▽

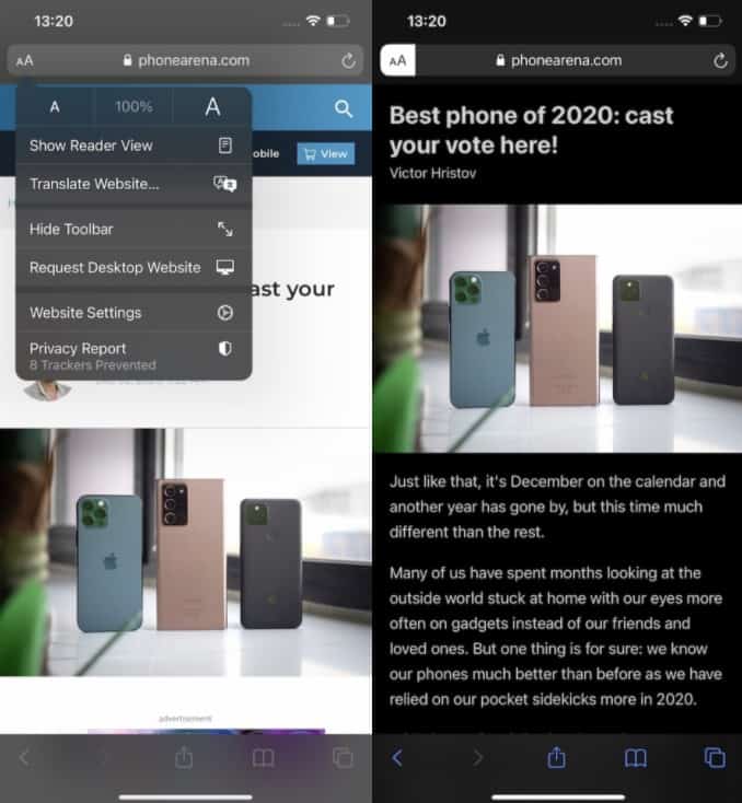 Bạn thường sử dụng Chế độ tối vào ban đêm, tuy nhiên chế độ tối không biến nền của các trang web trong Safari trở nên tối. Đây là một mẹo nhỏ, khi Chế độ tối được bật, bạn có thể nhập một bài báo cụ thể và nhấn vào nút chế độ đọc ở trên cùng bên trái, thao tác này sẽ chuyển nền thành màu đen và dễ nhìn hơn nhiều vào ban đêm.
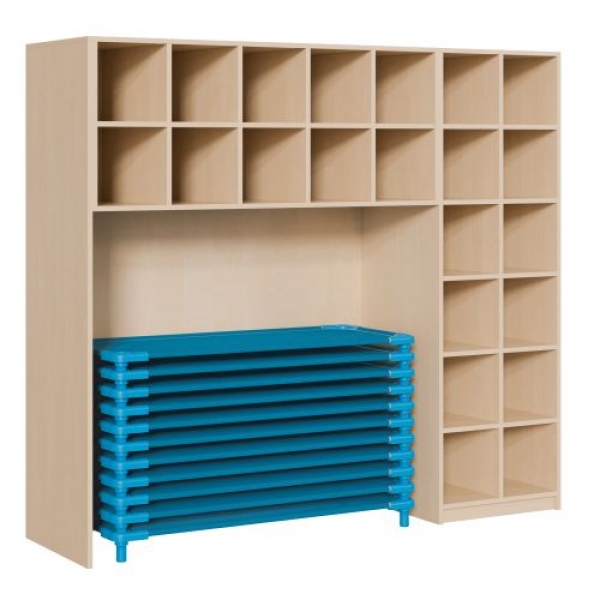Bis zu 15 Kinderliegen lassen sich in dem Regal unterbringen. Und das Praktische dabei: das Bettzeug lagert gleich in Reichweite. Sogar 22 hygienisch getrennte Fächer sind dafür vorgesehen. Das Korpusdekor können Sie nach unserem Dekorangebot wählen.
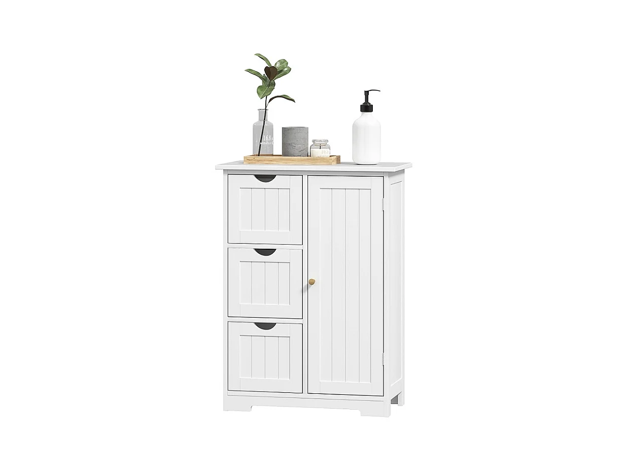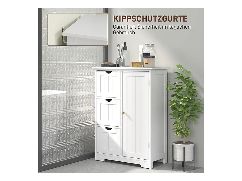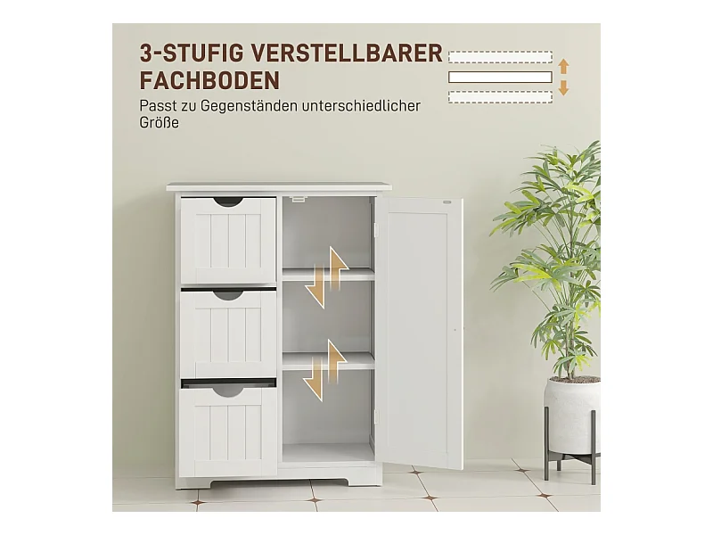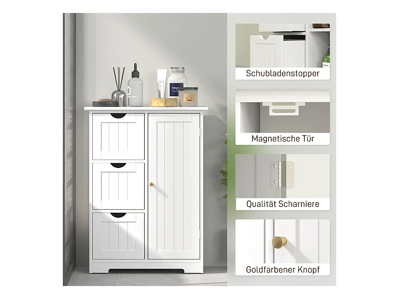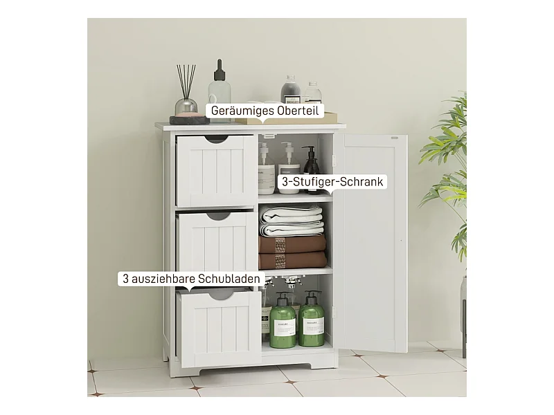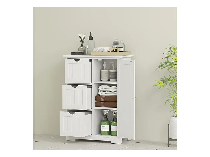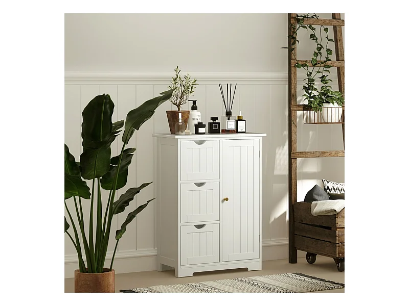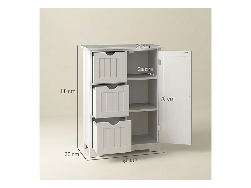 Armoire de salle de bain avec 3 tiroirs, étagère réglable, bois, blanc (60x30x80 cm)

△
▽

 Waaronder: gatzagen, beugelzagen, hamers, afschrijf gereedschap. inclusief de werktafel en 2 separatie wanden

△

Task instructions:
Print the line above containing "Bạn thường sử", the line containing "Bis zu 15 Kinderliegen", and everything between them, exactly as written. Pictures stay out.

Expected answer:
 Bạn thường sử dụng Chế độ tối vào ban đêm, tuy nhiên chế độ tối không biến nền của các trang web trong Safari trở nên tối. Đây là một mẹo nhỏ, khi Chế độ tối được bật, bạn có thể nhập một bài báo cụ thể và nhấn vào nút chế độ đọc ở trên cùng bên trái, thao tác này sẽ chuyển nền thành màu đen và dễ nhìn hơn nhiều vào ban đêm.
Bis zu 15 Kinderliegen lassen sich in dem Regal unterbringen. Und das Praktische dabei: das Bettzeug lagert gleich in Reichweite. Sogar 22 hygienisch getrennte Fächer sind dafür vorgesehen. Das Korpusdekor können Sie nach unserem Dekorangebot wählen.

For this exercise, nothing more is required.